Я в нужный момент успел перехватить бокал, поскольку пальцы его уже не слушались.
— Ах я мошенник, — прошептал он.
— Но вы знамениты.
— Порой мне кажется, что ключ к происходящему кроется в возвращении к истокам. Возможно, разгадка в том, что нужно быть твердым до конца.
— Вы слишком все драматизируете.
— Я не хочу умирать. — Он так близко наклонился ко мне, что жесткий, загнутый вверх кончик его усов коснулся моей щеки. — Я хочу просто исчезнуть.

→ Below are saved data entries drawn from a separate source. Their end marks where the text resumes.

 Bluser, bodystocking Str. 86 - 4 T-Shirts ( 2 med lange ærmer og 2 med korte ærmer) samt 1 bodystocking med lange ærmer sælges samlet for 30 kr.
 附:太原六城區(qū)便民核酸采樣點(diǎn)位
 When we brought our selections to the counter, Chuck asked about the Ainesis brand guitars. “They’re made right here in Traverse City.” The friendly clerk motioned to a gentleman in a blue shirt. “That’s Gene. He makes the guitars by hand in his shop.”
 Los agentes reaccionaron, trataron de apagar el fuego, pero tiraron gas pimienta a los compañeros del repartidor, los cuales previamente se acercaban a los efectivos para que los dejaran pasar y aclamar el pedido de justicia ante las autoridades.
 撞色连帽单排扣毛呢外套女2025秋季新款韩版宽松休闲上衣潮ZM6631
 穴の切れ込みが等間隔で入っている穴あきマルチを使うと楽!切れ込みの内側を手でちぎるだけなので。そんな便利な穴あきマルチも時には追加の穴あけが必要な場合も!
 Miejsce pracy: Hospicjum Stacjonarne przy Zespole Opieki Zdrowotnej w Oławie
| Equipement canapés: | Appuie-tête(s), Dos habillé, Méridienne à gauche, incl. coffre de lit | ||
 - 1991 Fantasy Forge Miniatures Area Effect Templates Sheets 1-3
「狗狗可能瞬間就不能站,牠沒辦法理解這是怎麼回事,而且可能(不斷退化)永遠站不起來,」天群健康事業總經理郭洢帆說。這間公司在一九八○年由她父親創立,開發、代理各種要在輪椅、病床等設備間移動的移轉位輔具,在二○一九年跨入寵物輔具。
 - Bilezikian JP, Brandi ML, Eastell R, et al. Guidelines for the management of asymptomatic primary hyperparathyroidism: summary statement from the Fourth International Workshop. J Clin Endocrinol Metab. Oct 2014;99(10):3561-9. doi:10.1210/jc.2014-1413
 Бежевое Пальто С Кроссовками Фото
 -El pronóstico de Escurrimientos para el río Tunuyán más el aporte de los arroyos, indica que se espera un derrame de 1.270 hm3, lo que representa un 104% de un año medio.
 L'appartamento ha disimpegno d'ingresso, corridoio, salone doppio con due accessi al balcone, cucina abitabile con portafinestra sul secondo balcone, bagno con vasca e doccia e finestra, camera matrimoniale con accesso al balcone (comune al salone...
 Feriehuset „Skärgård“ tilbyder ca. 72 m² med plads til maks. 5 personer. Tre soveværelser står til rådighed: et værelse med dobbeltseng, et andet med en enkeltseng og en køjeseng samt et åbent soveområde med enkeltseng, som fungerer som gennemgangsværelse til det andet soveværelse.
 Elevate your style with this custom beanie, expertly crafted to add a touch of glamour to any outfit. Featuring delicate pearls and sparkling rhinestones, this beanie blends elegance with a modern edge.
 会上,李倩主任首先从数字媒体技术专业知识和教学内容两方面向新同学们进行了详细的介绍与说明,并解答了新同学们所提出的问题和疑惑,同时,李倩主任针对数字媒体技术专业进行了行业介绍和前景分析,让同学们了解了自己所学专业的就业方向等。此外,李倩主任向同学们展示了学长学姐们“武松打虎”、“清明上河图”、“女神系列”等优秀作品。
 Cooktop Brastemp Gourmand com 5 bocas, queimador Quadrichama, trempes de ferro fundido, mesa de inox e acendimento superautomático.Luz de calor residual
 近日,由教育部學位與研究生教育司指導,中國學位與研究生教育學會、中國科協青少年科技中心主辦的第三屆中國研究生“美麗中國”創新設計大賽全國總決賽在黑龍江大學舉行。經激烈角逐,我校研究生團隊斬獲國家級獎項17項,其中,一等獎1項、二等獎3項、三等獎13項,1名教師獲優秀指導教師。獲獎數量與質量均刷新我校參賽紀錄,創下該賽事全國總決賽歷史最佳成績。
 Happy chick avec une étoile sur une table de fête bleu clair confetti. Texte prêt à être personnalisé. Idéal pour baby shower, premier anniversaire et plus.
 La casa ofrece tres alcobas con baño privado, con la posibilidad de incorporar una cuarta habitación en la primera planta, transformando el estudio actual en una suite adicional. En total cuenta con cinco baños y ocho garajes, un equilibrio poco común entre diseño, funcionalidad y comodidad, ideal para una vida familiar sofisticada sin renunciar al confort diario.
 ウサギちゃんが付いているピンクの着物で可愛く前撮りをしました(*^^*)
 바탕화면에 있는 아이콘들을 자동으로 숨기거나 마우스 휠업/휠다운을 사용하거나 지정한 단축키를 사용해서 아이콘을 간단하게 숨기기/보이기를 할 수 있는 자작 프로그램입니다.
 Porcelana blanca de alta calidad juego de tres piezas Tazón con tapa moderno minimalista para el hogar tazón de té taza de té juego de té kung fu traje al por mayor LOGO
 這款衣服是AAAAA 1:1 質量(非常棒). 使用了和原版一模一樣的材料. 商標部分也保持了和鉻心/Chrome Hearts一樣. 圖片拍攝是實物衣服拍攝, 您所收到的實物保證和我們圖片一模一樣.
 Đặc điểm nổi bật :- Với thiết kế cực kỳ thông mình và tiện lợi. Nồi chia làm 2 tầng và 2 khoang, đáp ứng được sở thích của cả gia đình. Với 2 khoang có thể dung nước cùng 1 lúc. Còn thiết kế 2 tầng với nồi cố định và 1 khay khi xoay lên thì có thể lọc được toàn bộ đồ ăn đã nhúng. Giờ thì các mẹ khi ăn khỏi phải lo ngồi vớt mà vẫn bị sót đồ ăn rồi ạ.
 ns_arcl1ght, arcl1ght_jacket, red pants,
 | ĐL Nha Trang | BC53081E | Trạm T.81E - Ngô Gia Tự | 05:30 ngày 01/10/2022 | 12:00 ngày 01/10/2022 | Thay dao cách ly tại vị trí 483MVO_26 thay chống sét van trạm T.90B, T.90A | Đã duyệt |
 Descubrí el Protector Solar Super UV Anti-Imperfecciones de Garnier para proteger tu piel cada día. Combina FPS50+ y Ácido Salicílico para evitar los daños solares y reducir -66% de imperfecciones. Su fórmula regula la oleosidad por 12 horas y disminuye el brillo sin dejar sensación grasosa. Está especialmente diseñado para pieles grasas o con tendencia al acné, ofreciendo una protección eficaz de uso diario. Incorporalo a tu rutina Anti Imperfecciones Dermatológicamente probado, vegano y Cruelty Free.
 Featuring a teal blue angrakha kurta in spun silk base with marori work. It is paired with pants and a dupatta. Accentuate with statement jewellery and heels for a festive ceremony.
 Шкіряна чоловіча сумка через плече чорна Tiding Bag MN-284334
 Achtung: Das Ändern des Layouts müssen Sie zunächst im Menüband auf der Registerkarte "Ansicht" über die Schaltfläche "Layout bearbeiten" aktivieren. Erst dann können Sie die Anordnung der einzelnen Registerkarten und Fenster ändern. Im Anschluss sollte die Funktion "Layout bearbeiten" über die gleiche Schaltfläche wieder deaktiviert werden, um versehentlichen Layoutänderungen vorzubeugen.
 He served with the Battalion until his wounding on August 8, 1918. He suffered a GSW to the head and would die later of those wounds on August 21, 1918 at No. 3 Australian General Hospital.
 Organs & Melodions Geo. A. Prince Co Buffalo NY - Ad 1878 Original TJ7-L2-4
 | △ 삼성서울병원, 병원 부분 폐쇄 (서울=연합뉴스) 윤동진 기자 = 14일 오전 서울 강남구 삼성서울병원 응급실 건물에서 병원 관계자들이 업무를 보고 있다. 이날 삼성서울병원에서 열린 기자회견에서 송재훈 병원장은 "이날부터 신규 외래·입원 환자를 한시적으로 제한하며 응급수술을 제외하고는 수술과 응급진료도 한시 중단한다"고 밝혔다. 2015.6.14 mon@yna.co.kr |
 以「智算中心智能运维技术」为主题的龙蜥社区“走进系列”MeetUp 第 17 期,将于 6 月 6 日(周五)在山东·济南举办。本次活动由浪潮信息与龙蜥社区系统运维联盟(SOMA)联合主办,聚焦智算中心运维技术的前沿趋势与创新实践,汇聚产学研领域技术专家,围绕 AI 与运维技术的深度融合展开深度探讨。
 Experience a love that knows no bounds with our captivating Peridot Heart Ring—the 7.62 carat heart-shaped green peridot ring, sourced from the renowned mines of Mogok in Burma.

И друг помог бы мне сделать это… Если бы у меня был друг. — Он совсем сполз мне на плечо и тяжело дышал в ухо. Я напряг все свои силы, чтобы удержать его.
Бармен, подошедший ближе, когда я схватил бокал Аль-Серраса, потирая в воздухе пальцами, неоднозначно намекал, что нам не мешало бы расплатиться.
— А теперь послушайте меня. — Я пытался говорить сквозь его бормотание и одновременно отыскивая деньги в тесных складках его карманов. — Тот мальчик, которого вы встретили, та деревня…
Либо я не мог достаточно глубоко протиснуть руки в его карманы и нащупать то, что искал, либо они были пусты. А его дыхание в моем ухе уже превратилось в храп.
— Платить собираетесь? — спросил бармен.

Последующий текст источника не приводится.